The firm said it now expected to spend between $35bn and $40bn, (£28bn-32bn) in 2024, up from an earlier prediction of $30-$37bn.

Its shares fell despite it beating expectations on its earnings.

First quarter revenue rose 27% to $36.46bn, while analysts had expected earnings of $36.16bn.

Sophie Lund-Yates, lead equity analyst at Hargreaves Lansdown, said its spending plans were “aggressive”.

She said Meta’s “substantial investment” in AI has helped it get people to spend time on its platforms, so advertisers are willing to spend more money “in a time when digital advertising uncertainty remains rife”.

More than 50 countries are due to have elections this year, she said, “which hugely increases uncertainty” and can spook advertisers.

She added that Meta’s “fortunes are probably also being bolstered by TikTok’s uncertain future in the US”.

Meta’s rival has said it will fight an “unconstitutional” law that could result in TikTok being sold or banned in the US.

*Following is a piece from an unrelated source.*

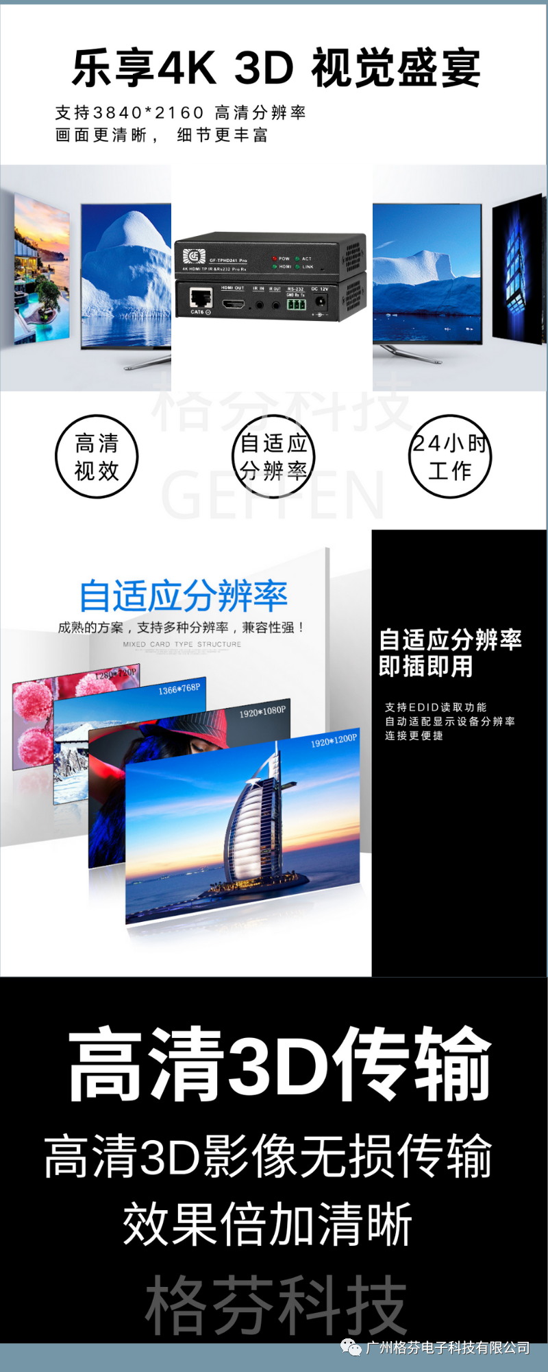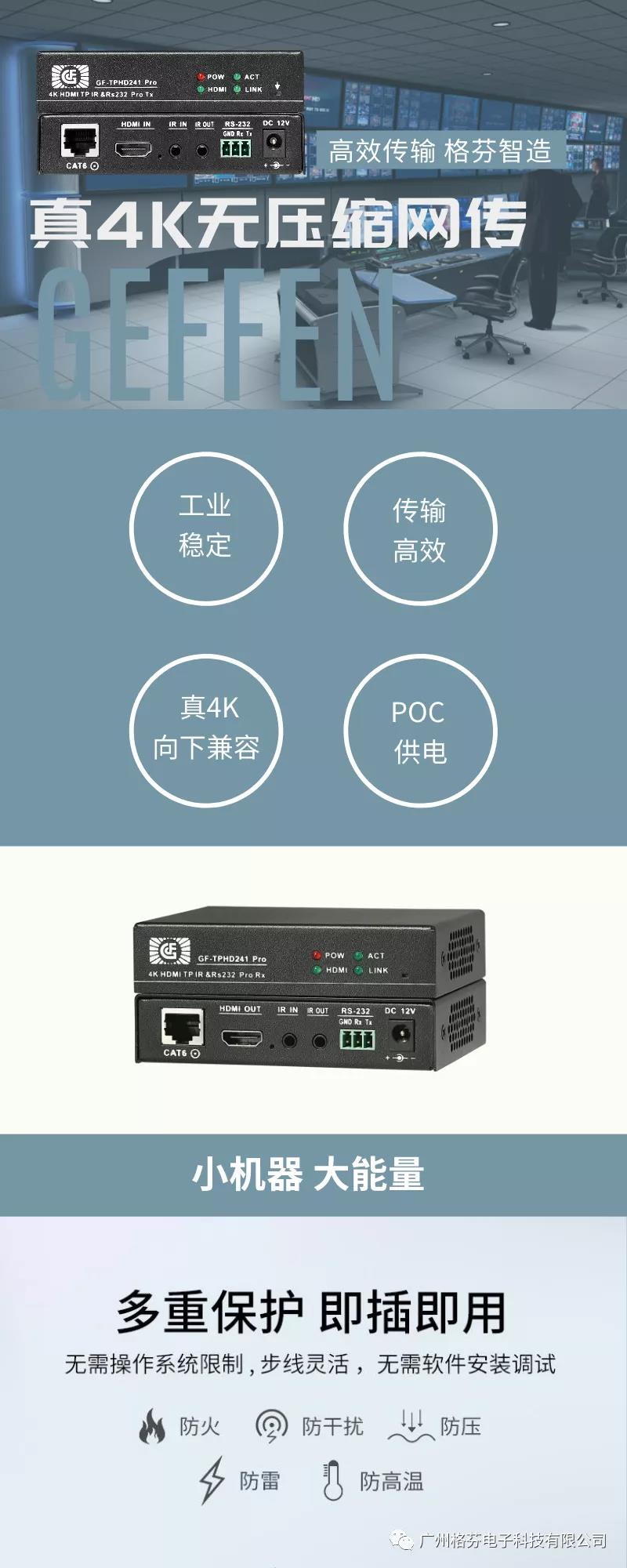 格芬電子科技有限公司始終站在數(shù)字視頻和HDTV發(fā)展的最前沿,最直接地面對(duì)市場(chǎng),為HDTV分配、延長(zhǎng)和轉(zhuǎn)換提供解決方案,最大地優(yōu)化數(shù)字視頻資源。

President Biden has signed into law a bill which gives the social media platform’s Chinese owner, ByteDance, nine months to sell off the app or it will be blocked in the US.

Ms Lund-Yates said that “looking further ahead, the biggest risk [for Meta] remains regulatory”.

Last year, Meta was fined €1.2bn (£1bn) by Ireland’s data authorities for mishandling people’s data when transferring it between Europe and the US.

And in February of this year, Meta chief executive Mark Zuckerberg faced blistering criticism from US lawmakers and was pushed to apologise to families of victims of child sexual exploitation.

Ms Lund-Yates added that the firm has “more than enough resources to throw at legal challenges, but that doesn’t rule out the risks of ups and downs in market sentiment”.